» **AIM OF THE EXERCISE**
Each entry should be restated word for word, with all pictures left out.

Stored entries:
----

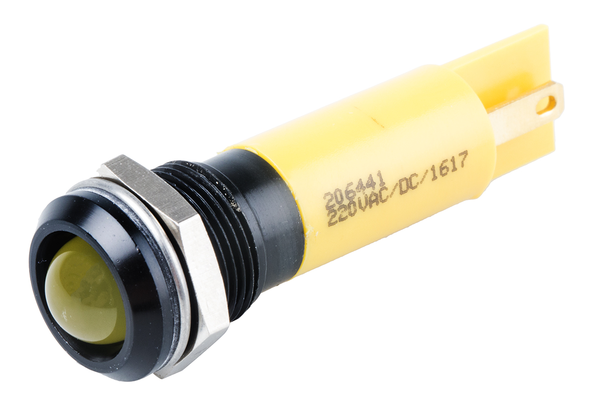 This is Yellow LED Indicator 230 V ac 8 mm Lamp Size 12mm Mounting Hole Size IP67 manufactured by RS Pro. The manufacturer part number is 206-441. Regarding light output colour, it outputs yellow light colour. The product has a current rating of 3ma. In addition, It features 12mm of mounting hole size. It is IP rated with ip67. Furthermore, the bezel has a classic black colour. Moreover, the product has a nominal 230v ac voltage rating. The given intensity of the product is 60mcd. Its accurate length is 56mm. The bezel features a prominent style. It is a type of led lamp.
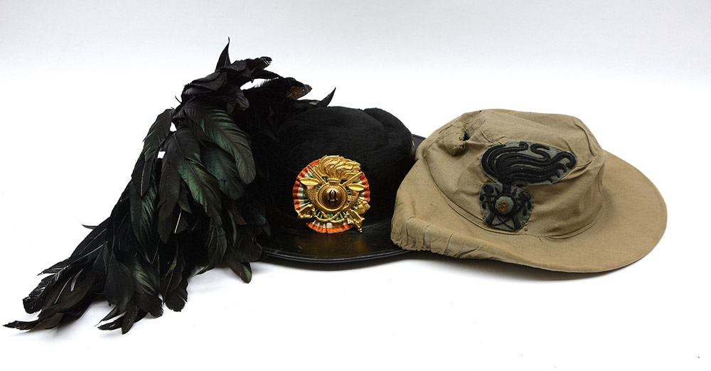 Lotto composto da un moretto da ufficiale dei bersaglieri dell'8° Reggimento con piumetto comprensivo del telino da campagna in color cachi e fregio antiriflesso. Italia, anni '30
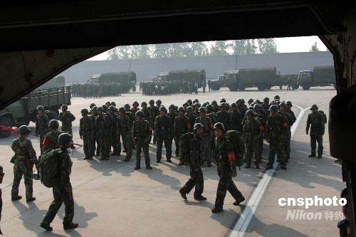 圖:四川汶川地震中國空降兵趕赴災區(qū)
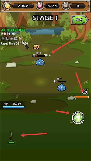 2、在戰斗中面對藍色史萊姆怪物利用武器攻擊,注意觀察怪物的血量合理使用攻擊技能逐步消滅怪物。
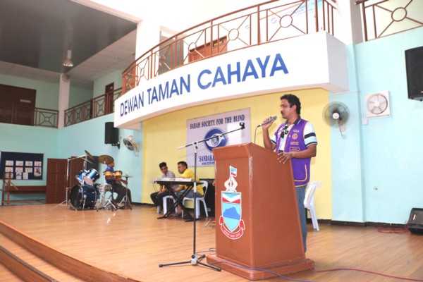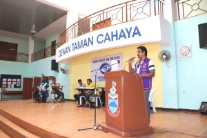 President of Lions Club of Sandakan Selingan Mr Clement Sammy giving a speech during visit by Lions Club to Taman Cahaya on 24th July 2016. Tweet Pin It
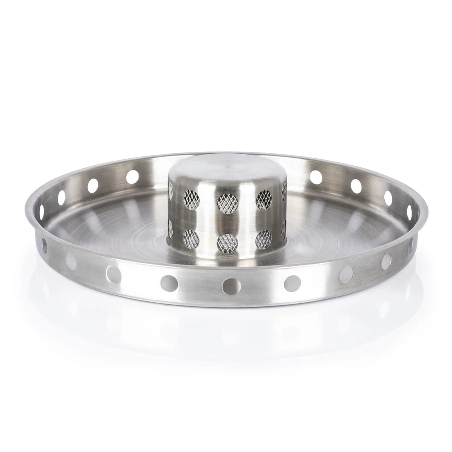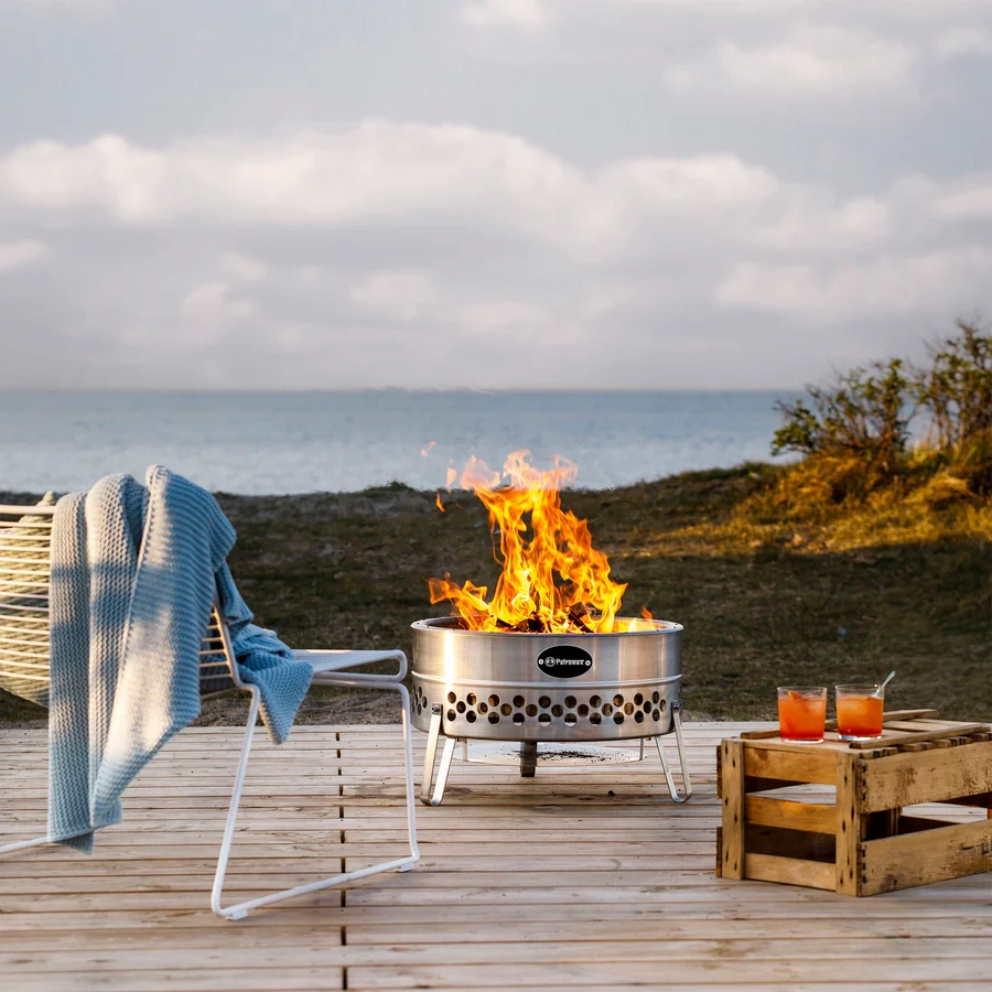 Experience the magic of a real campfire in your garden with the Tyropit fire bowl. The authentic flame pattern creates a wilderness atmosphere that makes every evening special. Thanks to the well-thought-out design and efficient secondary combustion, you can enjoy even combustion and a small amount of ash.Integrated heat shield dissipates heat downward, protecting the floor from damage. High-quality stainless steel in a minimalist design combines naturalness with a stylish look. The hearth bowl is sturdy and durable, with a unique patina over time, and with three sturdy legs it securely holds onto any surface.The Tyropit fire bowl is versatile - it is ideal as a base for cooking and grilling, can be upgraded with a grill plate and is compatible with many other Petromax products (e.g., cast iron cookware, percolators, campfire skewers, waffle irons and more). Enjoy social evenings over dinner, melancholy or romantic moments by the fire - alone or in a group.Gather your loved ones and spend unforgettable evenings around the campfire with the Tyropit stainless steel fire bowl, or enjoy the casual atmosphere by yourself. Feel the warmth and variety of fire and create unforgettable memories.

----

» **FINISHED TASK**
 This is Yellow LED Indicator 230 V ac 8 mm Lamp Size 12mm Mounting Hole Size IP67 manufactured by RS Pro. The manufacturer part number is 206-441. Regarding light output colour, it outputs yellow light colour. The product has a current rating of 3ma. In addition, It features 12mm of mounting hole size. It is IP rated with ip67. Furthermore, the bezel has a classic black colour. Moreover, the product has a nominal 230v ac voltage rating. The given intensity of the product is 60mcd. Its accurate length is 56mm. The bezel features a prominent style. It is a type of led lamp.
 Lotto composto da un moretto da ufficiale dei bersaglieri dell'8° Reggimento con piumetto comprensivo del telino da campagna in color cachi e fregio antiriflesso. Italia, anni '30
 圖:四川汶川地震中國空降兵趕赴災區(qū)
 2、在戰斗中面對藍色史萊姆怪物利用武器攻擊,注意觀察怪物的血量合理使用攻擊技能逐步消滅怪物。
 President of Lions Club of Sandakan Selingan Mr Clement Sammy giving a speech during visit by Lions Club to Taman Cahaya on 24th July 2016. Tweet Pin It
 Experience the magic of a real campfire in your garden with the Tyropit fire bowl. The authentic flame pattern creates a wilderness atmosphere that makes every evening special. Thanks to the well-thought-out design and efficient secondary combustion, you can enjoy even combustion and a small amount of ash.Integrated heat shield dissipates heat downward, protecting the floor from damage. High-quality stainless steel in a minimalist design combines naturalness with a stylish look. The hearth bowl is sturdy and durable, with a unique patina over time, and with three sturdy legs it securely holds onto any surface.The Tyropit fire bowl is versatile - it is ideal as a base for cooking and grilling, can be upgraded with a grill plate and is compatible with many other Petromax products (e.g., cast iron cookware, percolators, campfire skewers, waffle irons and more). Enjoy social evenings over dinner, melancholy or romantic moments by the fire - alone or in a group.Gather your loved ones and spend unforgettable evenings around the campfire with the Tyropit stainless steel fire bowl, or enjoy the casual atmosphere by yourself. Feel the warmth and variety of fire and create unforgettable memories.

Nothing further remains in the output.